According to a press release from the U.S. Department of the Treasury (USDT) on June 20, its semiannual Report to the Congress on Macroeconomic and Foreign Exchange Policies of Major Trading Partners of the United States concludes that no major U.S. trading partner, including Vietnam, manipulated the rate of exchange between its currency and the U.S. dollar for purposes of preventing effective balance of payments adjustments or gaining unfair competitive advantage in international trade during the four quarters through December 2023.
The USDT report reviewed and assessed the policies of major US trading partners, comprising about 78% of US foreign trade in goods and services.
Relating to Vietnam, despite significant depreciation pressure on the VND later in the year that largely reflected US and global macroeconomic developments, Treasury assesses that Vietnam engaged in moderate net purchases of foreign exchange in early 2023 to reaccumulate some of the more than billion reserves sold in 2022, according to the report.
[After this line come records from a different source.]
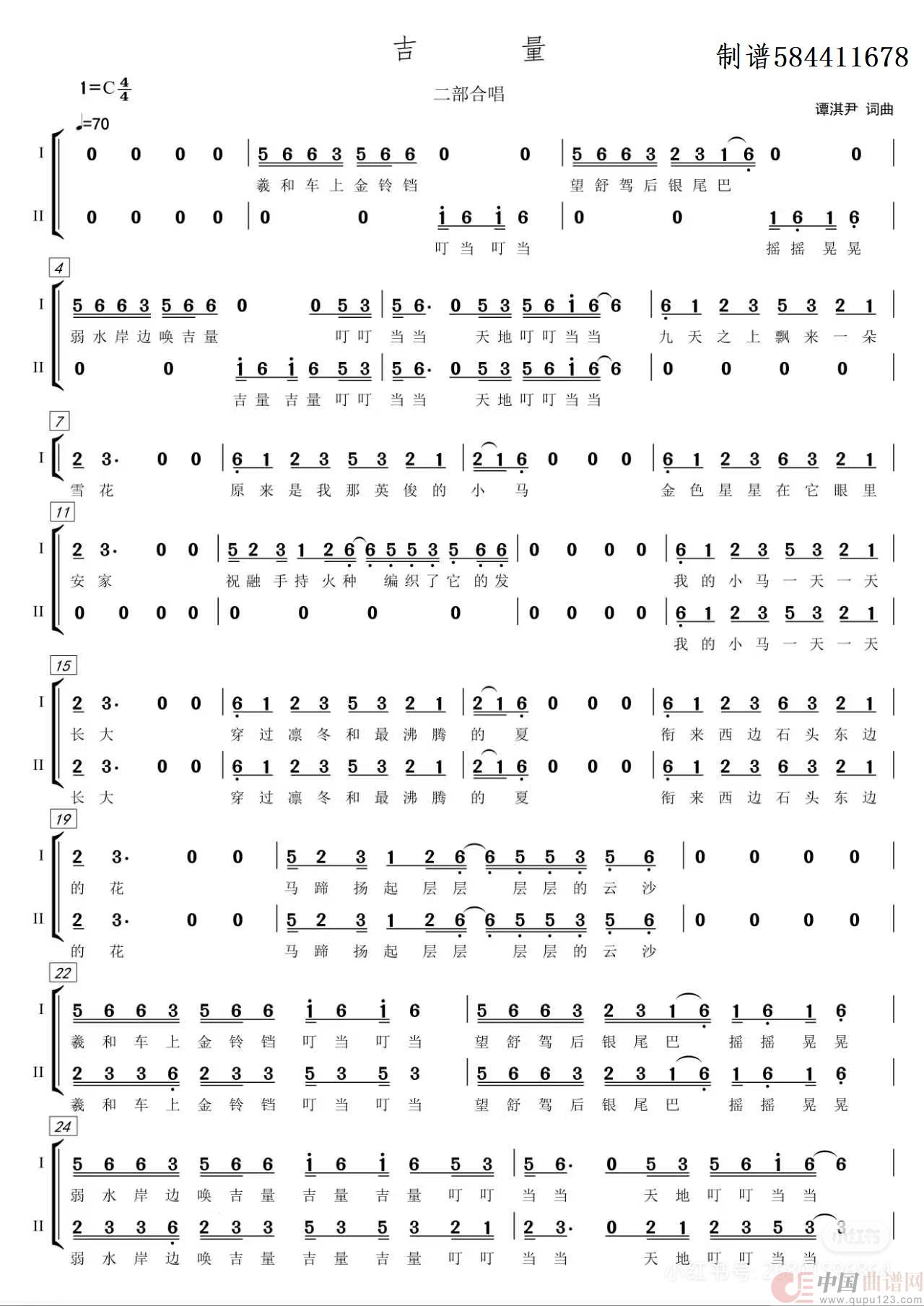 曲谱:吉量二部合唱简谱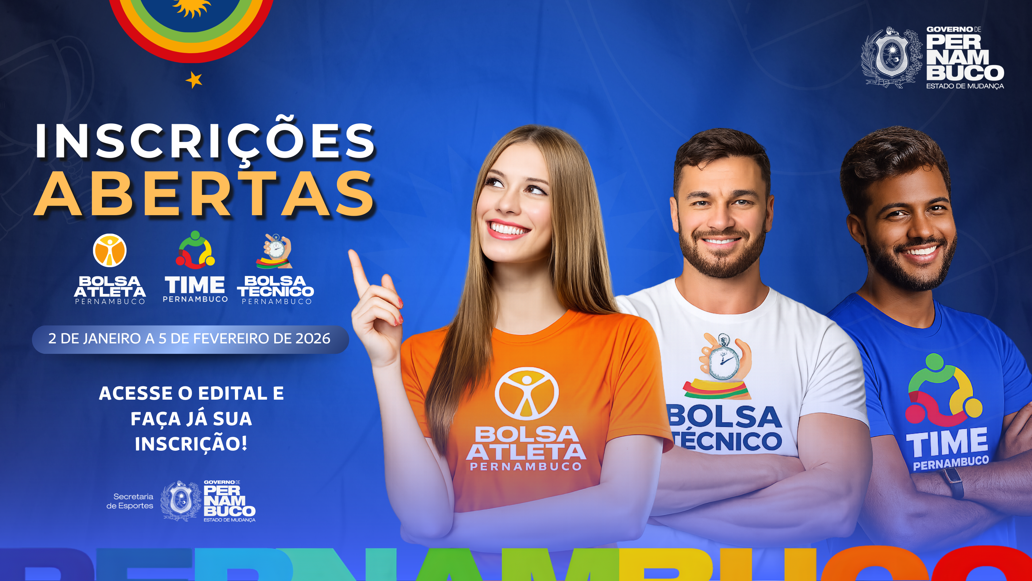 Secretaria de Esportes abre inscrições para Bolsa Atleta, Bolsa Técnico e Time Pernambuco 2026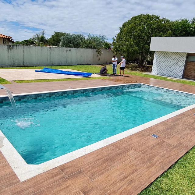 Segurança Técnica e Acabamento Premium. Da alvenaria robusta à instalação de equipamentos de ponta. Entregamos sua obra completa, com tecnologia de filtragem e aquecimento dimensionados para durar.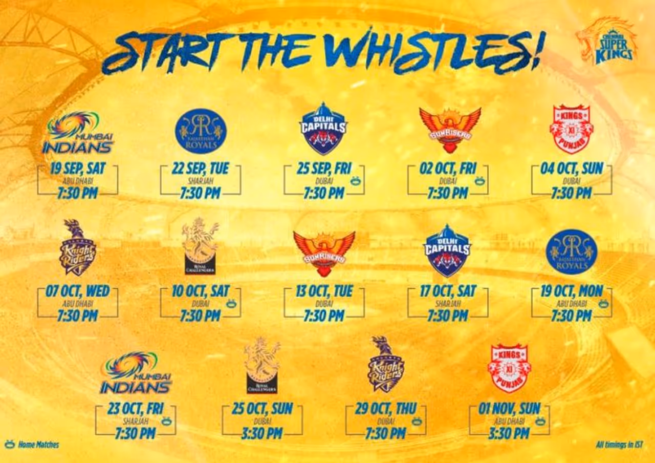 The cash-rich Twenty20 league will be played in the UAE from September 19 to November 10. In the opening game, holders Mumbai Indians (MI) will play against Chennai Super Kings (CSK) in Abu Dhabi.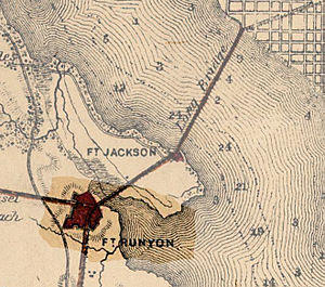 The land for the fort was appropriated from James Roach, a building contractor in Washington who was the second-largest landowner in the county, behind only the Lee family.[3] Soldiers tore up land, dug trenches, and used gardens for latrines. Roach's mansion on Prospect Hill was vandalized by Union forces during the construction of Fort Runyon, but survived the war and was demolished in 1965.[14] Other land for Fort Runyon and Fort Jackson came from the demolition of Jackson City, a collection of gambling establishments, saloons, and a racetrack that were located at the southern end of the Long Bridge.[15]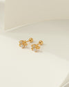 Descubre la elegancia y sofisticación de estos aretes en plata de ley 925. El dorado sutil y la forma de abeja los hacen únicos, mientras que el zircón clear en el centro los hace deslumbrantes. Disfruta de la exclusividad y el brillo que solo estos aretes pueden ofrecerte.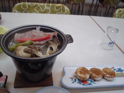 陶板焼きと五平餅が出てきた。五平餅うまい!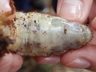 比較的大きなコナラたちが枯れて立ち枯れ、木が朽ち始めた木からはコクワガタの 幼虫がみられた。ただ、コクワガタは当たりが悪かったのか幼虫はほんの少し、成虫 は1ペアが見つかった。また、地面に近いところからはカブトムシの幼虫も見られ た。大きなカミキリムシの幼虫もいくつか見られた。池にはオオバンやマガモ、カル ガモ、カイツブリも見られ例年通りの姿にホッとした。(記・竹内秀)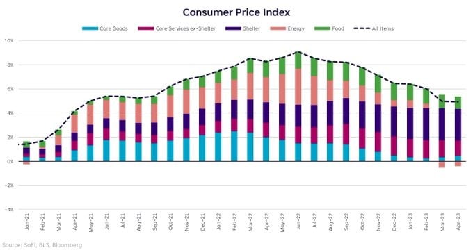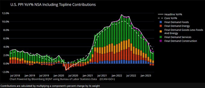 Además, vimos una caída en otros segmentos, como hoteles, comida (que fue uno de los más inflacionarios en 2022) ayudando a que se mantuviera bajo control la inflación en este reporte. Si bien todo lo comentado anteriormente son buenas noticias, la mala noticia es que la reducción en los precios sigue siendo muy lenta, no está bajando a un ritmo suficiente para que la Reserva Federal relaje su postura. Este contexto no apoya la idea de que la FED bajará las tasas en los próximos meses, que es básicamente a lo que está apostando el mercado, 1% de acá a final de año. El panorama se completa con el reporte de inflación al productor, que salió 2.3% vs 2.4% esperado en el anual, y 0.2% vs 0.3% esperado en el mensual. La inflación de los productores sigue concentrada en los servicios, al igual que para los consumidores, pero viene bajando de manera importante, y esta dentro del objetivo de la Reserva Federal de 2%.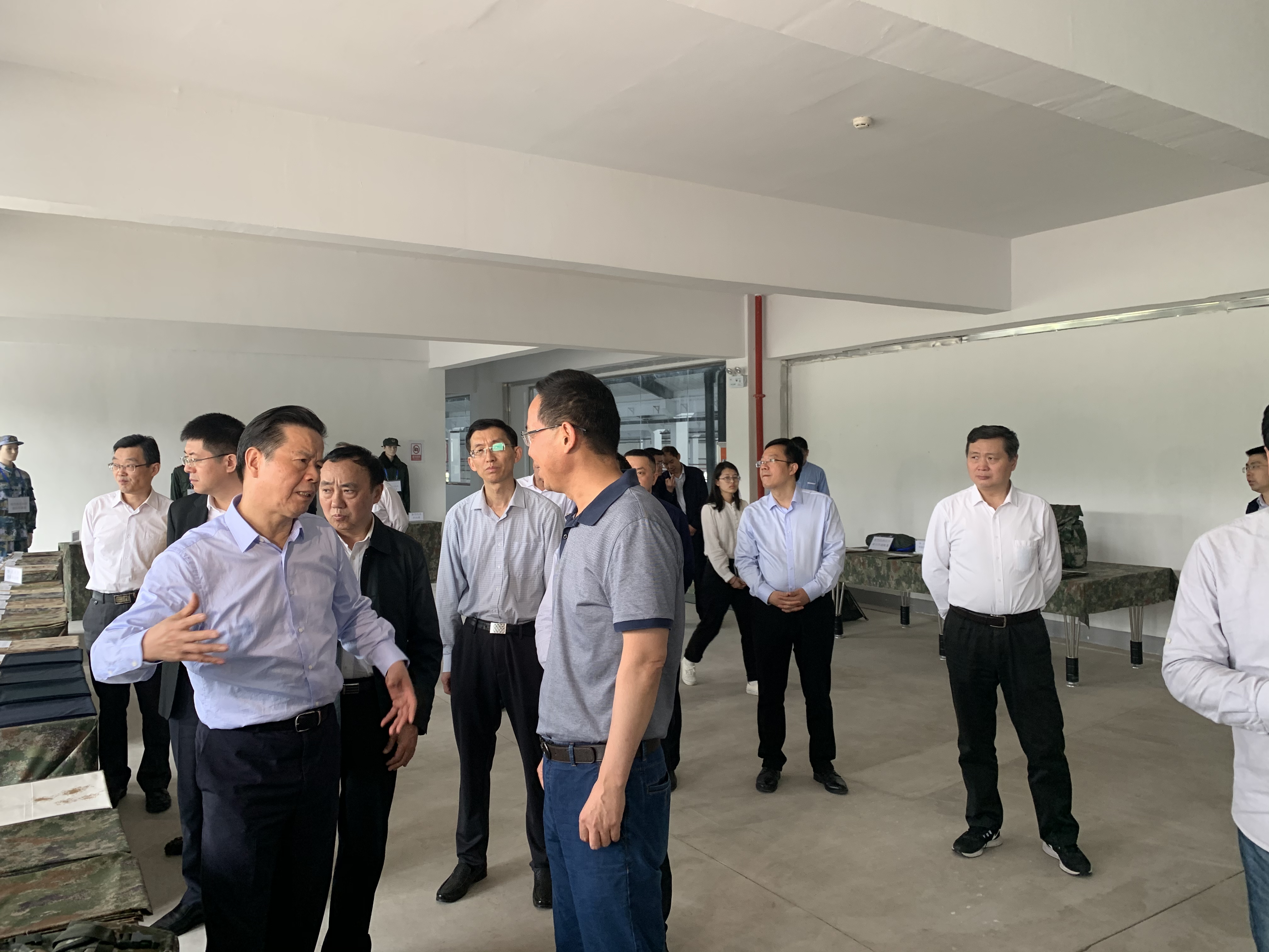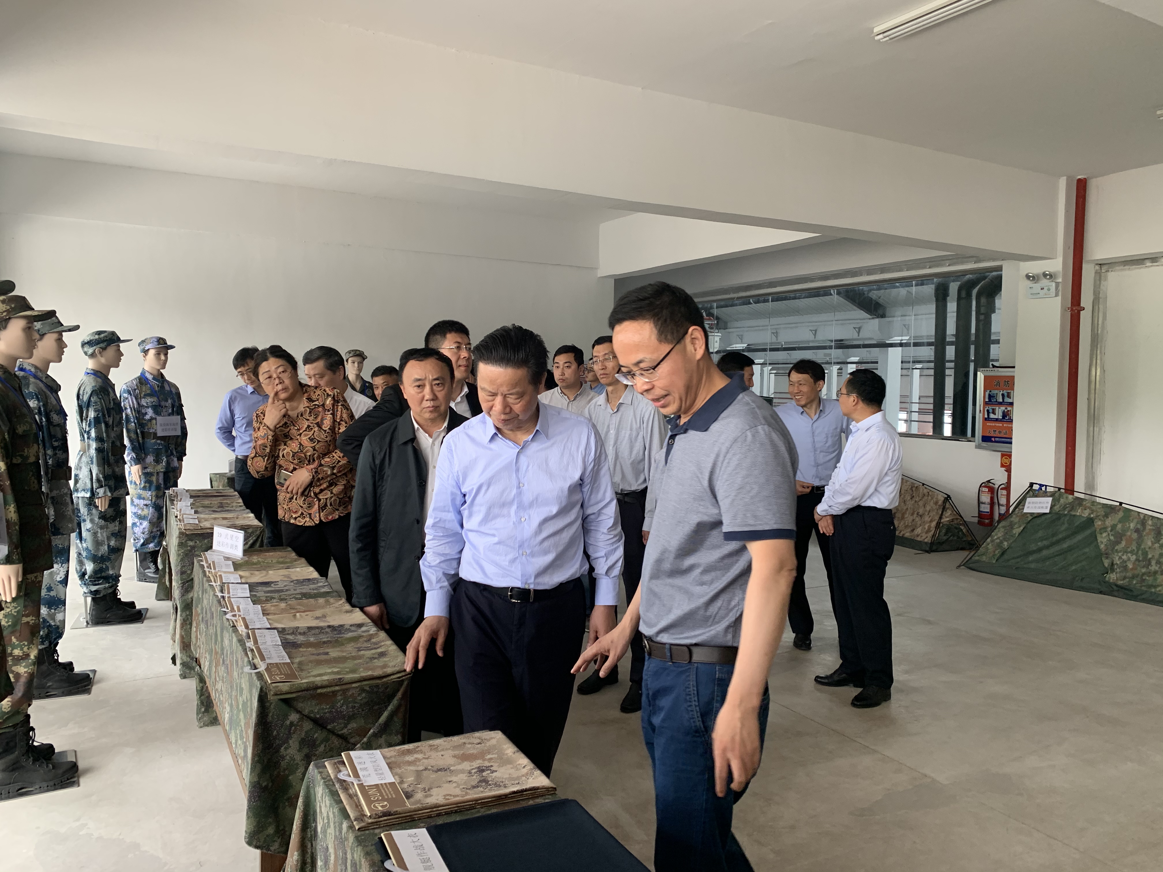 在詳細(xì)考察 “軍用裝具被裝和民用功能服裝材料產(chǎn)業(yè)示范項(xiàng)目”過(guò)程中,領(lǐng)導(dǎo)們對(duì)公司生產(chǎn)并即將在部隊(duì)列裝的“新型迷彩被裝材料”給予了高度的肯定與評(píng)價(jià)。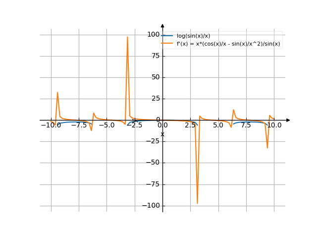 d / /sin(x)\\ --|log|------|| dx\ \ x //

According to the latest available public data, foreign exchange reserves stood at $88 billion as of November 2023. Reserves remain below the lower range the IMF considers adequate based on its reserve adequacy metric for fixed exchange rate regimes, but broadly adequate if assessed on the basis of the IMF’s reserve adequacy metric for floating exchange rate regimes, the report says.
Treasury and the State Bank of Vietnam (SBV) reached agreement in July 2021 to address Treasury’s concerns about Vietnam’s currency practices. The SBV has publicly emphasized its commitment to modernizing and enhancing the transparency of Vietnam’s monetary policy and exchange rate management framework, without using exchange rate policy to gain an unfair competitive advantage, according to the report.
Treasury remains satisfied with the progress made by Vietnam and will continue to engage closely with the SBV on currency issues, the report states.
In this report, USDT has reviewed the 20 largest US trading partners against the thresholds Treasury has established for the three criteria in the 2015 Act: A significant bilateral trade surplus with the US is a goods and services trade surplus that is at least $15 billion; A material current account surplus is one that is at least 3% of GDP; and Persistent, one-sided intervention occurs, when net purchases of foreign currency are conducted repeatedly, in at least 8 out of 12 months and these net purchases total at least 2% of an economy’s GDP over a 12-month period.
USDT finds that no major trading partner met all three criteria under the 2015 Act during the four quarters ending December 2023, such that no major trading partner requires enhanced analysis.
However, some countries, including Vietnam, remained in this report’s monitoring list, as the countries meet the criteria for having a significant bilateral surplus and a material current account surplus.